Panties…Err…Pants in a Bunch
It’s the beginning of the year, a new decade, and I’m doing my damnedest to try and stay positive. But it’s dark all the time. And cold. So freakin’ cold. My house isn’t surrounded with snow drifts as much as BERGS of dirty, frozen snow. My skin’s dry, I don’t have a tan, and yes, I did plump up over the holidays. Did I mention the cold?
And then the work. The economy still sucks, health care reform is a mess, and I’m suffering from progressives fatigue. When I collect myself to focus on something so very critical like continuing to advocate for equal access to health care services, or equal pay for equal work, I find some strength in the amazing community of advocates all working toward the same goal. As cheesy as it sounds it makes it seem doable, despite the claustrophobia that being surrounded by dirty frozen snowbergs can bring.
Until something like this. Pants that have captured the attention and collective outrage of feminists. Well, that
just makes me tired.
Okay. I get it. It’s a macho-styled play on culturally ingrained and at times offensive gender stereotypes. Its cheeky elevation of pedestrian manliness anticipated this feminist outrage because, well, it jabs at it outright. So, well played, ladies. We’ve done exactly what the stereotype predicted we’d do. Jokes on who exactly?

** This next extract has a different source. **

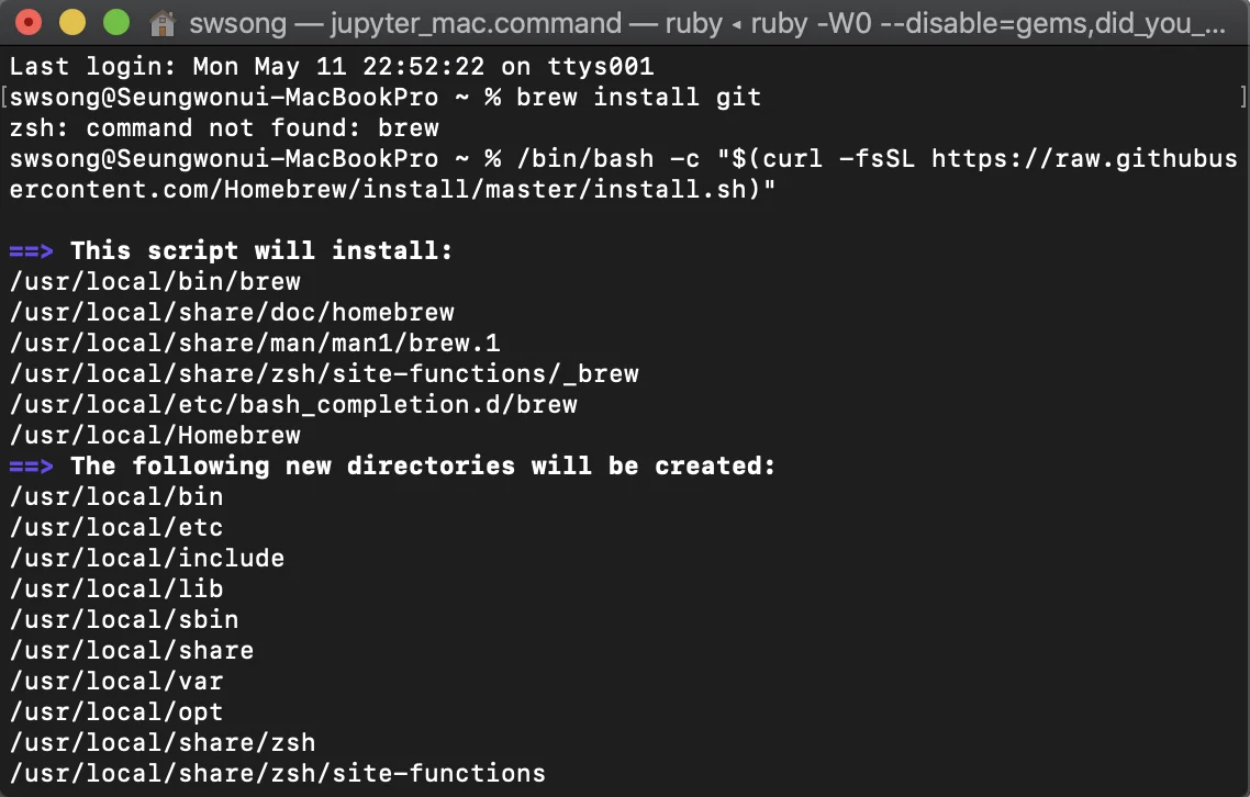 먼저 homebrew를 설치할 것이다. homebrew는 맥에서 git과 같은 다양한 툴을 편하게 설치하게 해준다.

Now, for transparency’s sake I’ll disclose that I know one of the folks involved in the campaign. Sure, I’ll admit that I find some of the assumptions in the campaign worn, but um… yeah, they’re selling Dockers. Hard to get more mainstream than khaki, so those kinds of assumptions are going to work. And they have. We’re talking about Dockers. I’ve dedicated an entire post to Dockers. When was the last time you even THOUGHT about Dockers, let alone got your panties in a bunch over their ads?
With so many big issues, so many real battles who has the energy for this? I fight against gender assumptions and the damage they inflict daily. It’s a personal fight and a professional fight. But pants? I’m not fighting pants, if only to not feed into the humorless boner-killing feminist meme that the campaign depends on. I get it for those who want to take it on. But me, I can’t. It’s great advertising–it taps into a collective nerve and exploits it, for good or for bad. It’s sparked a political conversation which is pretty amazing in and of itself. But even if I’m offended by the ad, so what? Harping about it does what exactly?
This country’s cultural identity is inextricably linked to this kind of theme. Colonists rebelled against the effeminite Brits. Pioneers, miners, railroaders, all did the same from the Colonists. This is our historical narrative, the language of Americana. Why do we think this will ever change? At best it will become an antiquated cultural marker of a particular moment in our nation’s development, but it will persist. Manhood is the most ingrained and illusive piece of Americana, and perhaps the fact that it’s now selling pants is a sign it’s on the wane. Or not. But at the end of the day, it’s just pants people. What’s all the fuss?
Either I just don’t see it or I’m too tired and can’t see it, but I’m missing something. Really? Pants?